La voz del pueblo y para el pueblo, Amparo Ochoa’s vocal trajectory: From the Mexican Revolution to the Latin American Cold War
Bieletto-Bueno, Natalia [Chile. Universidad Mayor. CIAH]
Amparo Ochoa (29 September 1946‐7 February 1994) is widely acclaimed as one the most outstanding and versatile performers of the Mexican Canto Nuevo movement. The sympathy that Amparo Ochoa awoke among Mexican and Latin American audiences has been tacitly attributed to a sort of natural charm. Therefore, a supposedly ‘popular’ character within her voice has been substantiated as a result of the political message of the songs she interpreted as well as of the forums where she publicly appeared.
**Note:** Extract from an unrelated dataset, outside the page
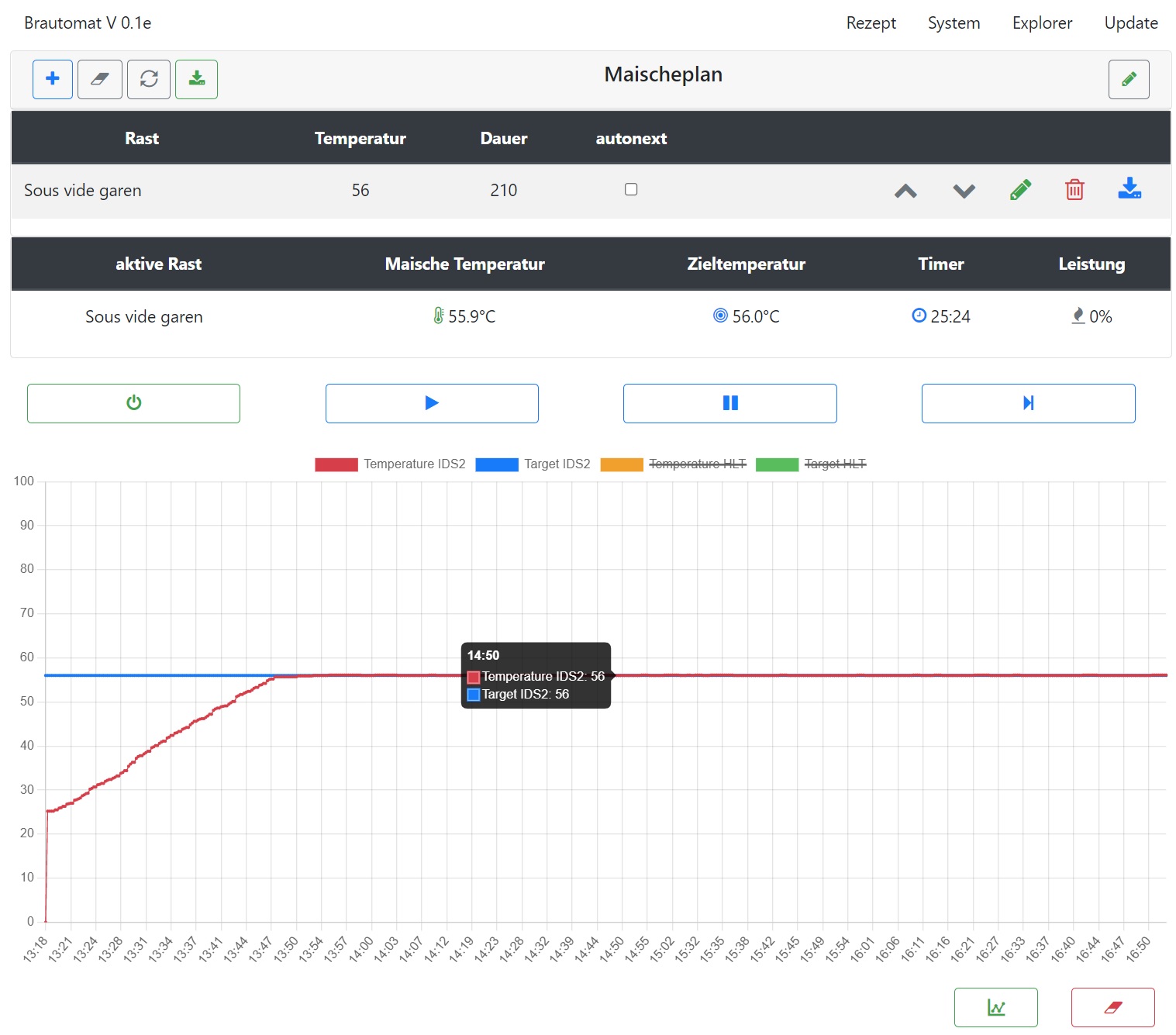 Der Maischeprozess muss mit den Werten starten, wenn Du den Powerbutton anklickst.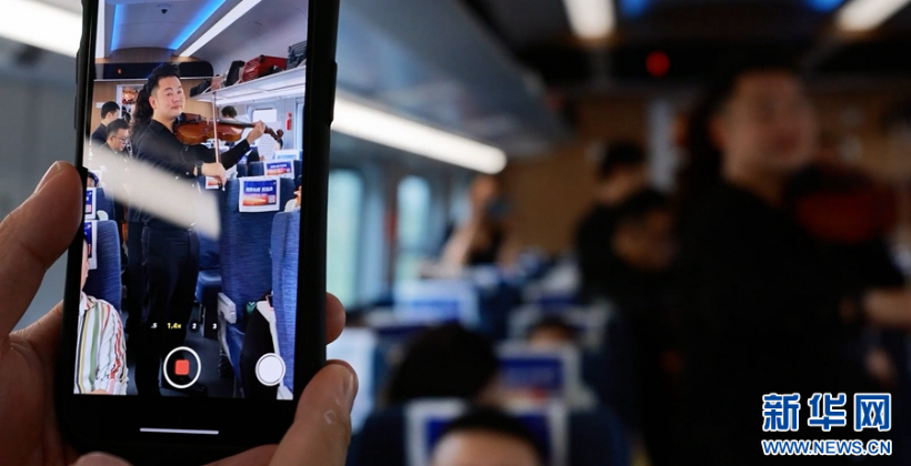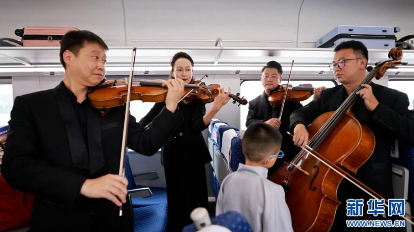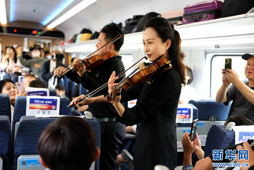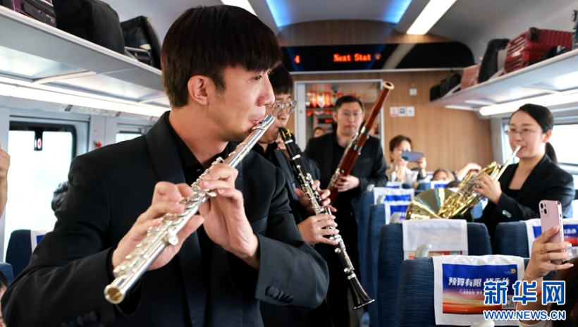 7月19日上午,来自昆明聂耳交响乐团的9名演奏家“闪现”中老铁路C303次列车4号车厢,倾情演奏了《在希望的田野上》《绒花》《唱支山歌给党听》等著名曲目,循声而来的乘客们纷纷跟着熟悉的旋律哼唱起来,车厢里歌乐相和,一片欢腾。

Complementing the reiterative focus on either the political context or the discursive elements of the Canto Nuevo, this paper historicizes Ochoa’s trajectory, problematizing notions of ‘the people’ in order to dissect ‘the popular’ within her voice. The main claim is that the general reception of her voice as the voice of ‘the people’ is grounded on firm vocal traditions of turn of the twentieth century Mexican musical theatre, which lingered to the twentieth century but which were recontextualized during the Latin American Cold War. Due to its subjective impact on the listener, these vocal strategies made audiences subjectify notions of ‘el pueblo’ and thus garner sympathies for the movements that opposed dictatorial regimes during the 1970s and 1980s. Such an approach of her voice contributes to assess the role of music and song in the ideological and political projects that framed them as well as to question the affective impact of voice in the listener’s subjectivity.